So far, every polymorphic engine that is designed is able to make a
certain type of decryptor, with variations in it's general behaviour,
but not a generic encryptor.
Since we, virus writers, also must adapt to newer programming
technologies, a further step in virus advancement is generic
programming. This generic programming can be used for any sort of
virus related approach.
Background:
Every polymorphic engine is based on certain rules that will be used
in a random order and trash instructions and instructions that compose
another opcode. But what about a polymorphic engine you can feed a
piece of CODE to, and the engine generates mutations of that code?

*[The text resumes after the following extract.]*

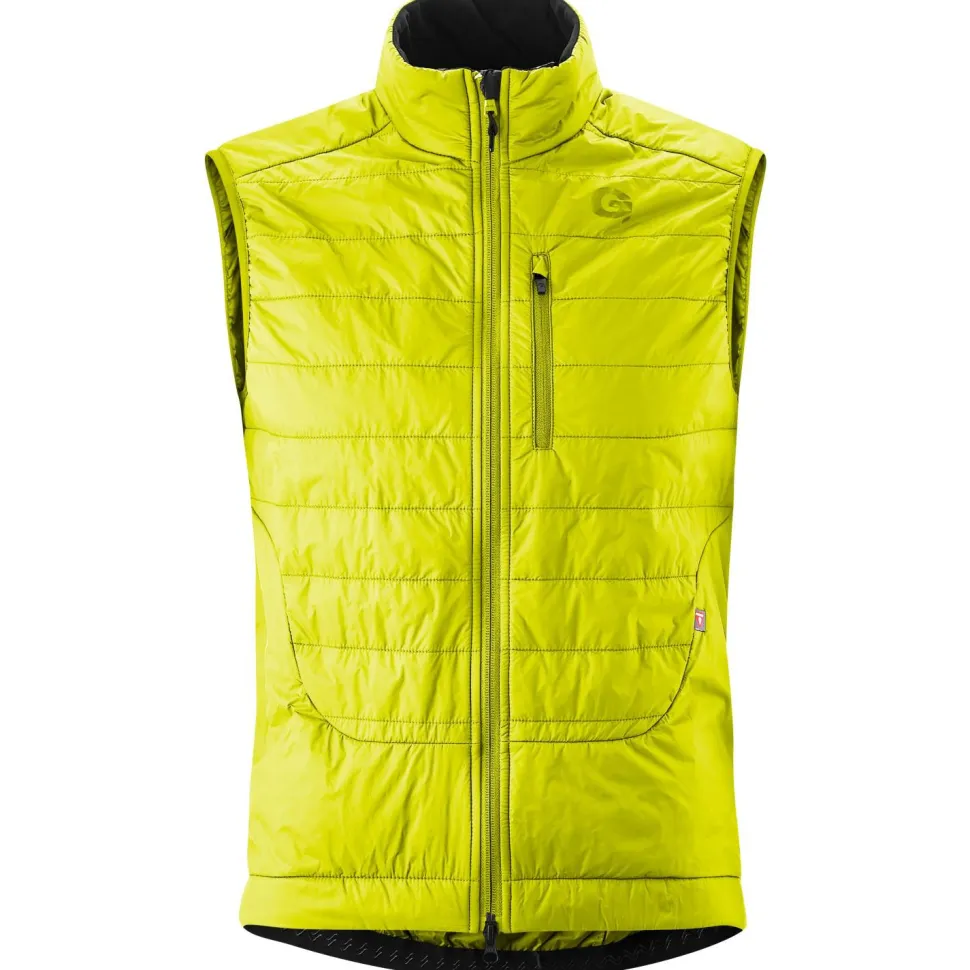 Die Taccone von Gonso ist Dein zuverlässiger Warmhalter für kühle Tage auf dem Rad! Die Fahrradweste ist aus einem geschmeidigen Polyamidgewebe gefertigt, das zusammen mit der körpernahen Slim Fit Passform ein hohes Maß an Bewegungsfreiheit bietet. Die hochwertige Primaloft Silver Kunstfaserisolierung aus umweltfreundlichem Post-Consumer-Recyclingmaterial verleiht der Weste eine hervorragende Wärmeleistung, während der atmungsaktive Einsatz im Rückenbereich für ein optimales Feuchtigkeitsmanagement sorgt. An Brust und Rücken befinden sich zudem praktische Reißverschlusstaschen, die leicht zugänglichen Stauraum für Gels und anderen Kleinkram bieten.

This would truely be a real polymorphic engine and will polymorph
everything, regardless of what it does. Take this for an example:
MOV AX,3D02
INT 21
If you feed this to the generic polymorpher, you might get the
following result:
SUB AX,AX
ADD AX,3000
CMP AX,78AF
JE NEVER_JUMPS
XOR AX,0D02
NEVER_JUMPS:
INT 21
Or if you want to generate a decryptor, you can feed this to the
polymorpher:
MOV SI,OFFSET ENCRYPTED_VIRUS
MOV AL,32
MOV CX,VIRUS_LENGTH
DECRYPT_VIRUS:
XOR BYTE PTR [SI],AL
ADD AL,4
INC SI
LOOP DECRYPT_VIRUS
You might get this as a result:
MOV SI,OFFSET ENCRYPTED_VIRUS+145
ADD SI,-145
MOV AL,33
DEC AX
MOV CX,VIRUS_LENGTH XOR 1234
XOR CX,1234
DECRYPT_VIRUS:
XCHG SI,DI
XOR BYTE PTR [DI],AL
XCHG SI,DI
INC AL
INC AL
INC AL
ADD AL,1
SUB SI,-1
DEC CX
JNZ DECRYPT_VIRUS
As you have noticed, the polymorpher only puts random instructions in
the place where it could compose more compact instructions, it doesn't
swap opcodes. This should be generated by a separate module, because a
the polymorpher doesn't know what it is allowed to swap and what's not
allowed to swap. To generate a decryptor, you must call two engines,
like in the diagram shown:
ÚÄÄÄÄÄÄÄÄÄÄÄÄÄÄÄÄ¿ ÚÄÄÄÄÄÄÄÄÄÄÄ¿
(1) >>Ä´OPCODE SCRAMBLERÃÄÄÄÄ>>ÄÄÄÄ´POLYMORPHERÃÄ>> (3)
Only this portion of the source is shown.